Traditional SSAS is now also being left behind by new query technologies like Apache Parquet, Optimized Row Columnar (ORC), and Avro, with the latter storing data in a row-based format (best for write-heavy transactional workloads). Parquet and ORC are better suited for read-heavy workloads.
These are on-the-wire formats that allow smooth data passing between Hadoop cluster nodes, versatile, flexible, and self-described ways to scale up.
All of the three aforementioned technologies are available for basically any Hadoop ecosystem product, regardless of the data model, processing framework, or programming language. It has become extremely important to have a solution that leverages the versatility of these technologies.
Bad data is something that is commonly overlooked by businesses, who fail to take the inherited risks of SSAS into consideration. Analytics teams are having a tough time setting up and modifying data pipelines, something that makes it difficult to deliver consistent data streams for optimal results.

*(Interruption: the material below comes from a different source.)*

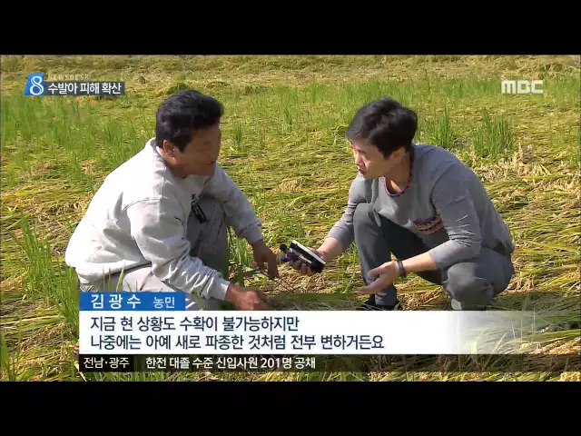 ◀ANC▶ 수확을 앞둔 벼 이삭에서 새싹이 돋는 '수발아' 피해가 전남 전 지역에서 확산되고 있습니다. 비가 자주 내리고, 최근 태풍 '차바' 때문인데, 정부와 농협이 권장했던 품종의 피해가 특히 컸습니다. 양현승 기자가 취재했습니다. ◀END▶ ◀VCR▶ 황금물결은 온데간데없고, 논이 초토화돼 있습니다. 땅에 누운 ...
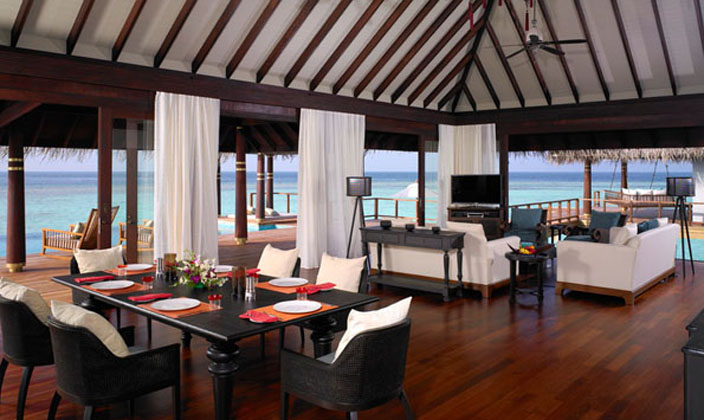 兩臥室水上泳池住宅以寧?kù)o的藍(lán)色和綠色為基調(diào),采用拋光木質(zhì)室內(nèi)裝潢,擁有戶外沙發(fā)床、寬敞明亮的起居室,是期望入住馬爾代夫豪華水上別墅的客人的理想選擇。 傍晚時(shí)分,在水上用餐亭享用私人日落晚餐——腳下黑影一閃,姿態(tài)優(yōu)雅的毯魟?dòng)芜^(guò)地板的海景玻璃下面。 我們的每棟馬爾代夫水上小屋都專門配備私人管家,一天24小時(shí)隨時(shí)待命,提供貼心服務(wù),實(shí)現(xiàn)您的任何。

With multiple BI tools in place and integration taking up a lot of the team’s bandwidth, it has become a challenge to execute smoothly. Receiving multiple answers to the same questions and emerging conflicting definitions has become a common occurrence. This causes damage on multiple levels.
Besides the lack of insights and remediation costs (time, money and resources), productivity is hampered, something that has a direct effect on the bottom line.
“Bad data cost us a lot more than $15 million a year at Yahoo, and that was almost 10 years ago.”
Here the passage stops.